Though I truly enjoyed the old, heavy incarnation of Waller, it simply does not make sense for this Waller, the Waller displayed in the newest volume of Suicide Squad, to be heavy. There is no grief for the character to conceal. People are heavy for different reasons—many of them pointing more towards inescapable circumstances and heredity than poor life choices. However, this is not true in Waller’s case. Waller chose to be fat. Artists depicted her enjoying heavy foods and alcoholic drinks. And for a woman in a position of power, where every conceivable type of body modification was made available to her, she chose none.

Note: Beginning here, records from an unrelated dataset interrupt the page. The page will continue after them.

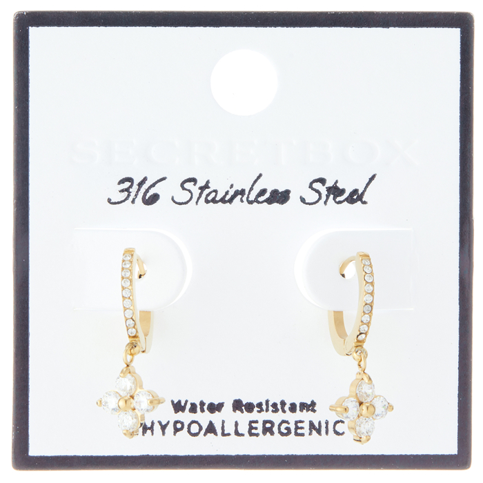 SECRET BOX CRYSTAL STAINLESS STEEL HUGGIE EARRING
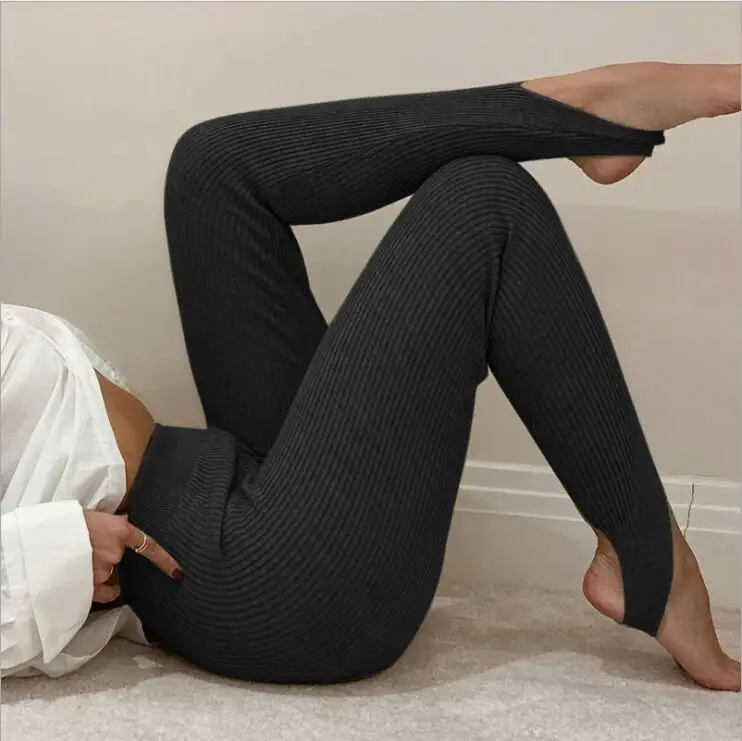 Осенние повседневные однотонные трикотажные леггинсы в рубчик, женс...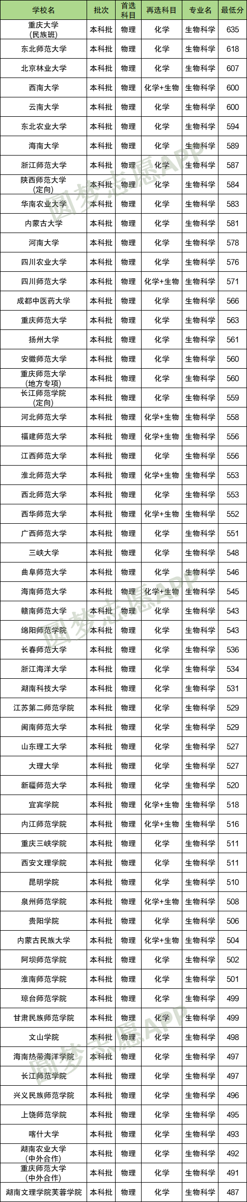 2024年重庆大学(民族班)生物科学专业,要求选科为物理+化学,最低分为635分;
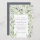 Nuestro hermoso diseño botánico en acuarela es el telón de fondo para los detalles de su boda en esta excelente tarjeta de anuncio. Los tonos suaves del follaje de olivo verde dan un toque clásico atemporal al diseño que sería apropiado para una boda en cualquier estación. Con fuente elegante para sus detalles.
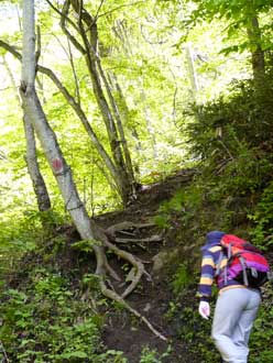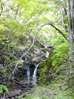 新緑の中、沢音を聞きながら登る。 |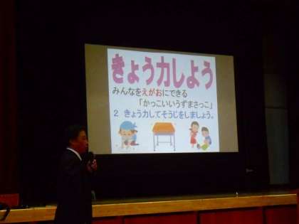 校長先生から,今月の「えがおのもと」の話がありました。今月は『協力しよう』をみんなで頑張ろうという内容でした。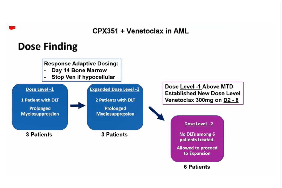 研究方法:在巩固治疗期间,CPX-351的剂量保持不变:在诱导第1、3、5天给予(柔红霉素44 mg/m2+ 阿扎胞苷100 mg/m2),在第1、3天给予(柔红霉素29 mg/m2 + araC药物 65 mg/m2)。由R/R AML患者组成的安全性导入队列在第2-21天接受的维奈托克起始有效剂量为300 mg(命名为-1剂量组)。如果在第14天的检查中骨髓(BM)细胞减少且无白血病证据,则允许在第14天后后中断维奈托克,合并使用中效和强效CYP3A抑制剂时并对维奈托克进行剂量调整。在3/6例患者出现DLT(血细胞减少 > 43天)时,被改为剂量-2组(维奈托克 300 mg,第2-8天)并扩展。确认安全性后,启动2个扩展队列以确认安全性和疗效;队列A用于复发、难治性 AML患者,队列B用于新诊断AML患者。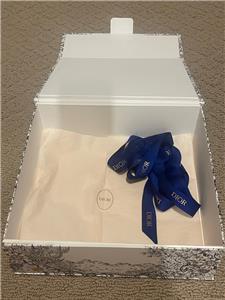 This item is mine from a genuine Dior Sweater purchase a few days ago. Brand New, Clean "Never used Authentic Christian Dior Box great for a a purse, Sweater, acessories and so much more. I am including the original tissue paper, Dior sticker and Dior Ribbon which I received with my purchase. If you are a Dior Gift Box Collector- this is a MUST!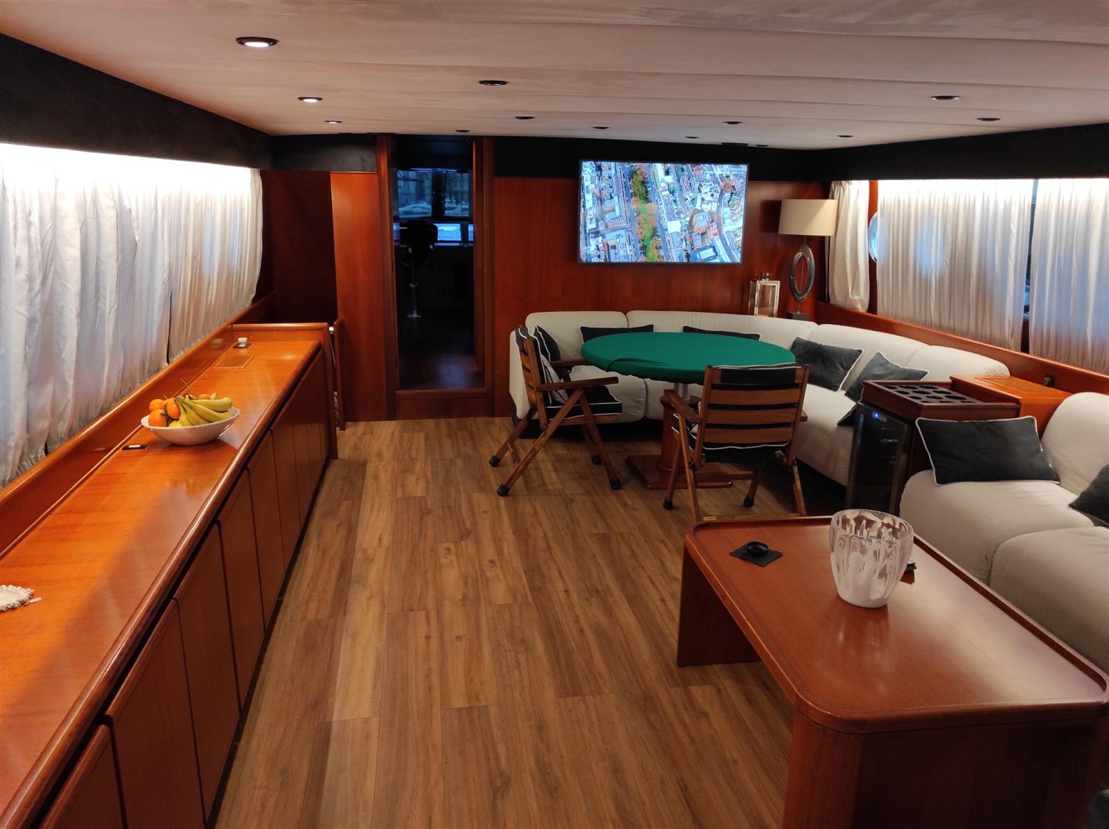Autoclave, Doppia timoneria, Flap idraulici, Gruette per tender su fly, Impianto antincendio, Passerella (A scomparsa in teak), Piattaforma (Maggiorata teak), Pozzetto Teak, 2 Salpa Ancore Elettrico, Tavolo pozzetto, 2 Winch tonneggio di poppa.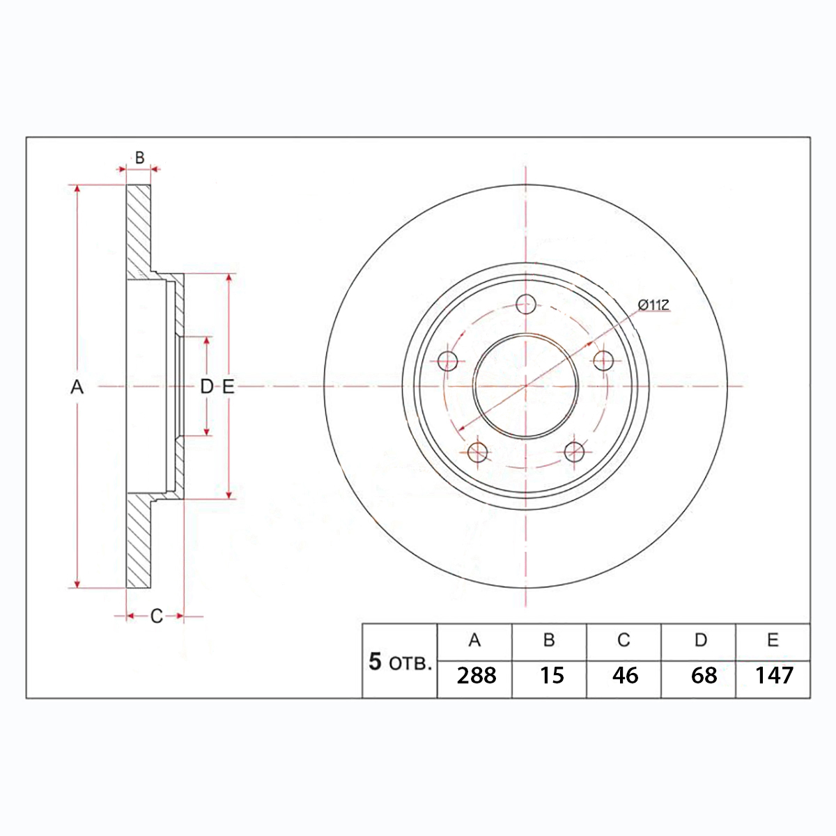 Диск тормозной передний Audi 100 '90-'94/ A4 '94-'01 (288 *15 *5x112) Delphi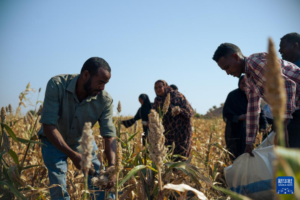 12月12日,在苏丹东部卡萨拉州瓦德希卢地区,农民在田间收获高粱。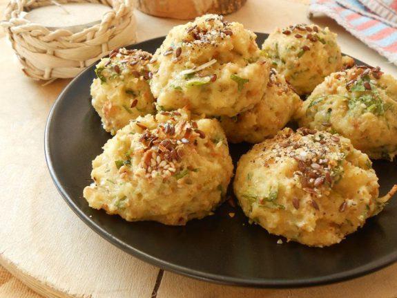 Χωρίζουμε το μείγμα σε 9 κομμάτια τα πλάθουμε σε στρογγυλά μπαλάκια. Τα ακουμπάμε σε ταψί στρωμένο με λαδόκολλα και αν θέλουμε το πασπαλίζουμε με λίγο σουσάμι ή λιναρόσπορο κοπανισμένο.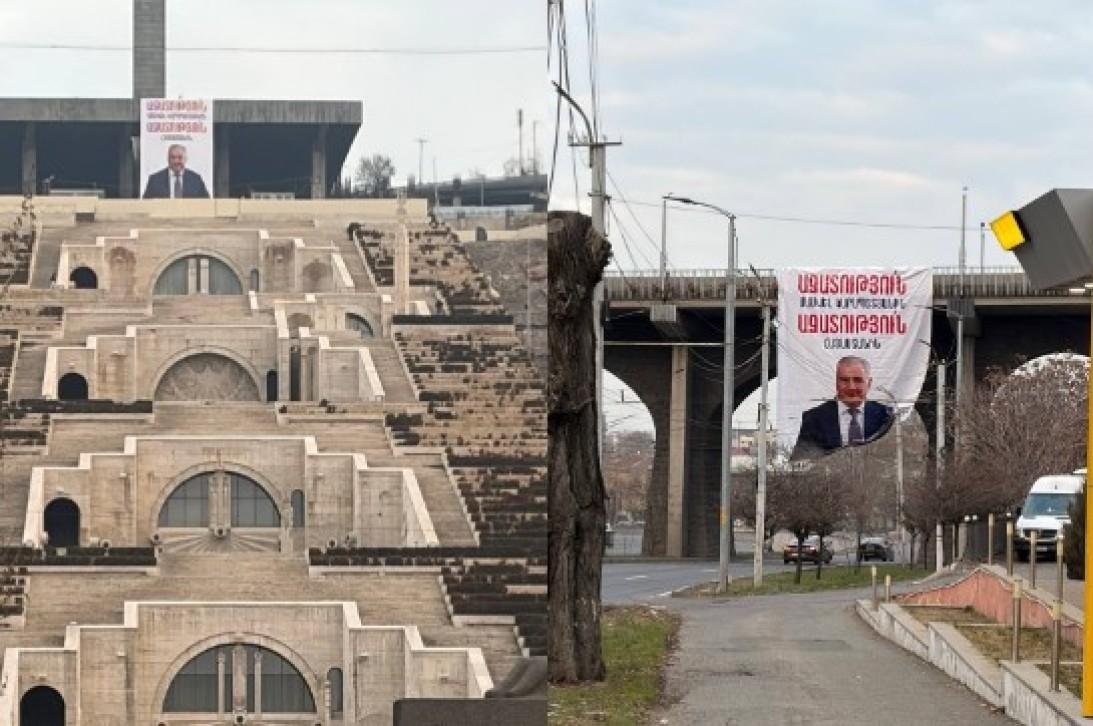 В день судебного заседания по делу Самвела Карапетяна по всей столице, в наиболее заметных местах города, развешиваются крупные транспаранты с надписью: «Свободу Самвелу Карапетяну, свободу Армении».

Had Waller been more popular, had she been an “A-list” character in starring roles rather than a strong, supporting character, this would have been—pardon the pun—meaty material. A writer would have explored this territory in the same manner that others have explored the alcoholism of Tony Stark. Why did food and patriotism become her marks of excess? Was it a way to enjoy passion and physical pleasure without the dangers of intimacy? Love for one’s country—especially that of a black woman for America—is unrequited. And while food can be a social pleasure, how many depictions of Waller involved a table piled with platters and the company of loving friends and family? I cannot think of one. Where were Waller’s children? I’m sure they were provided with every opportunity and privilege available once Waller had achieved a position of power—save for a mother’s time and attention.
There’s a wealth of interesting stories there. But Amanda Waller is not Anthony Stark. And a grieving black woman using fat for armor, America as a shield, and food for a lover is not going to be as compelling to audiences as a fit, white playboy who uses whiskey and an inexhaustible supply of promiscuous models and debutantes. Still, I find both equally fascinating. But who cares—aside from me and a handful of other people—what the fat black woman is feeling? She endures! She is a Strong Black WomanTM!
Don’t peek behind the curtain.
That moment of loss, that kernel of grief, made the old Amanda Waller physically and emotionally, as sure as the death of Ben Reilly made Spider-Man. And now it is gone. And so should the armor go too.
Of course, what we have now is an Amanda Waller in name only—a blank slate. But this diminutive Waller could very well be an equally interesting character. It’s strange. It’s as if “Amanda Waller” was simply a title to be handed down. A new one has picked it up and we’ll see what the creative team does with her.
It’s a new universe. Anything is possible.